## [GIVEN DATA]
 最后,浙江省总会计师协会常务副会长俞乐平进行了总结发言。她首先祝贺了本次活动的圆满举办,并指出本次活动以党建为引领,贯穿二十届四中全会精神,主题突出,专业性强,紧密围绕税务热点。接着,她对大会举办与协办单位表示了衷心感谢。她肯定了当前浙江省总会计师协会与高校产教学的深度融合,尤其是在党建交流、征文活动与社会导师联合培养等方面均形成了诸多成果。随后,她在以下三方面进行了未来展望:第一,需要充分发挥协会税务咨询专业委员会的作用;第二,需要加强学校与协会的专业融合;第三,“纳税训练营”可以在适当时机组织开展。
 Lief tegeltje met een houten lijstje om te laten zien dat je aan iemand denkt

...

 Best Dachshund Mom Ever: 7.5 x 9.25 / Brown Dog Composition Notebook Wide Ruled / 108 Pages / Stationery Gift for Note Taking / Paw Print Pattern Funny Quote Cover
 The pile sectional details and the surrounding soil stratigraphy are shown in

---

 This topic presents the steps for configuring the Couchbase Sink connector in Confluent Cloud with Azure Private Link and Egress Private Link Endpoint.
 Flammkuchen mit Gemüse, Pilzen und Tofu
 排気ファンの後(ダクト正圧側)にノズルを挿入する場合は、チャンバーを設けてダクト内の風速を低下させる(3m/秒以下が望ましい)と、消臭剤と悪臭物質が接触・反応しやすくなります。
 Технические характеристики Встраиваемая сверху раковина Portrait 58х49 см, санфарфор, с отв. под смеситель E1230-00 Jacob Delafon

## [PROBLEM STATEMENT]
Extract the lines of the preceding material that run from the line with "Best Dachshund Mom" through the line with "The pile sectional", inclusive, reproducing them exactly and adding nothing.

## [TASK RESULT]
 Best Dachshund Mom Ever: 7.5 x 9.25 / Brown Dog Composition Notebook Wide Ruled / 108 Pages / Stationery Gift for Note Taking / Paw Print Pattern Funny Quote Cover
 The pile sectional details and the surrounding soil stratigraphy are shown in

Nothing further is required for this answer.